8 oz. rigatoni pasta

1/4 c. butter

2 cloves garlic, minced

1 c. whole milk

6 oz. cottage cheese

1 c. cheddar cheese, grated

1 c. mozzarella cheese, grated

1 c. Swiss cheese, grated

1/4 c. Parmesan cheese, grated + more for top

1/4 tsp. garlic powder

1/4 tsp. onion powder

Dash paprika

Dash ceyenne pepper

Salt and pepper, to taste

1/4 c.

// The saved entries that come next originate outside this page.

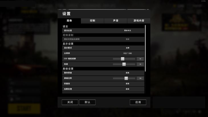 進(jìn)入游戲,由于滿足了游戲官方的推薦配置,我果斷將《絕地求生》的畫面調(diào)到最高。這款游戲的畫面還是很細(xì)膩的,雖然戰(zhàn)況激烈,但真實的建模讓游戲內(nèi)的景色不錯,且更高的畫質(zhì)不但能讓玩家的心情愉悅,也能讓我們更看得清細(xì)節(jié)及遠(yuǎn)處的敵人。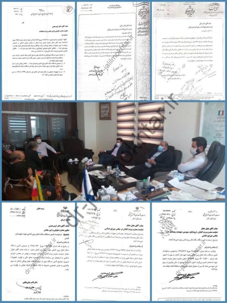 و انجام مکاتبات و رایزنی گسترده با وزارت بهداشت ، درمان و آموزش پزشکی در سال گذشته مبنی بر تأمین دستگاه آنژیوگرافی و سنگ شکن برای بیمارستان های شهید بهشتی و آیت الله طالقانی این شهرستان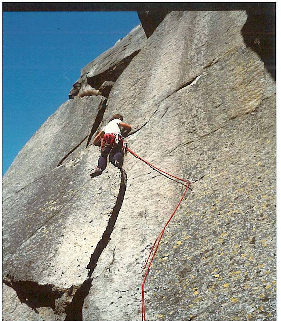 Sitting Bull era una vera fessura, scalabile solo ad incastro come quelle che vedevamo sulle foto di Yosemite. Fessure di quella difficoltà non ne erano state salite o si scalavano in artificiale con i cunei di legno o di alluminio. Nella spregiudicatezza dei vent’anni e per emulare il mio idolo californiano Chuck Pratt mi imposi di scalarla dal basso, in libera e solo con i Nut e gli Excentric.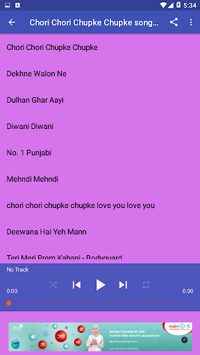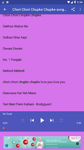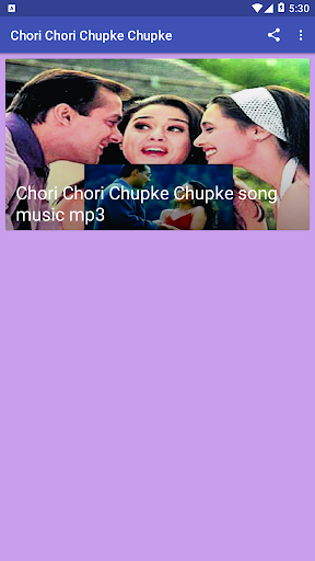 Aplikasi ini kumpulan lagu-lagu dalam film Chori Chori Chupke Chupke yang dibintangi salman khan, semoga para penggemar bisa teringat kembali kenangan masa lalu semoga terhibur dengan aplikasi ini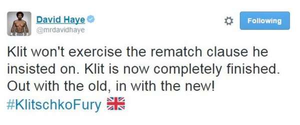 "We'll soon work out when and where the rematch will take place and let you know," he added.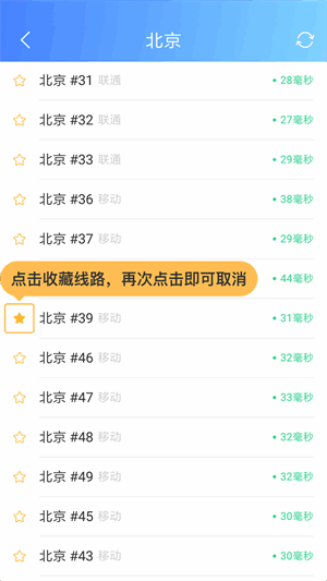 4、服(fu)务器列表分为“全部”和“收藏”,点击服(fu)务器前端“星标”即可收藏线路,再次点击即可取消收藏,收藏的线路保存在收藏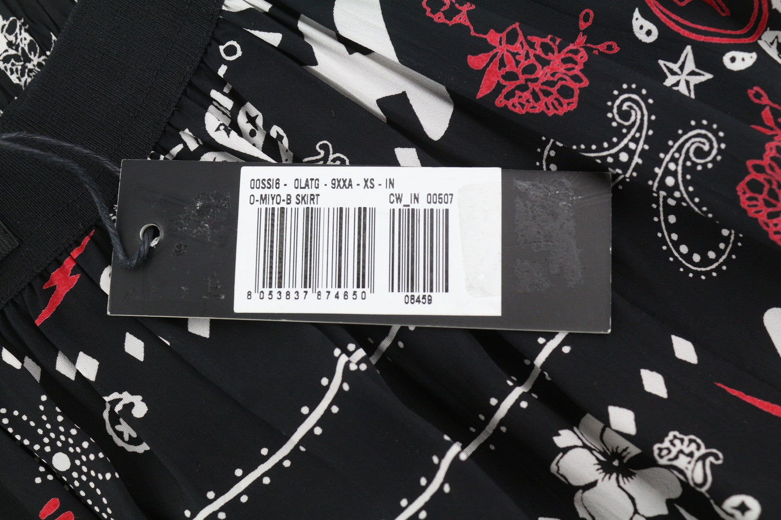 DIESEL O-Miyo-B Women's Skirt XS Elastic Waist Patterned Side Split Midi

Panko bread crumbs

1 Tbs. butter, melted

Boil pasta according to directions until it is al dente (normally about 8-9 minutes).  Drain and set aside.  Preheat oven to 350* F.

Meanwhile, melt the butter and brown the garlic until fragrant in a medium sauce pan.  Add the flour until it forms a roux.  Stir in the milk and all five cheeses.  Allow the cheeses to melt (the cottage cheese will not melt, but will make it super creamy and delicious, trust me).

Add garlic powder, onion powder, paprika, ceyenne, salt, and pepper.  Stir well.  Add pasta and mix to coat.

Butter an 8×8 casserole dish and add pasta, spreading it smoothly.  Combine panko and melted butter.  Sprinkle the bread crumbs and extra parmesan on top of the pasta.  Bake for 20 minutes or until bubbly.

Serves 2.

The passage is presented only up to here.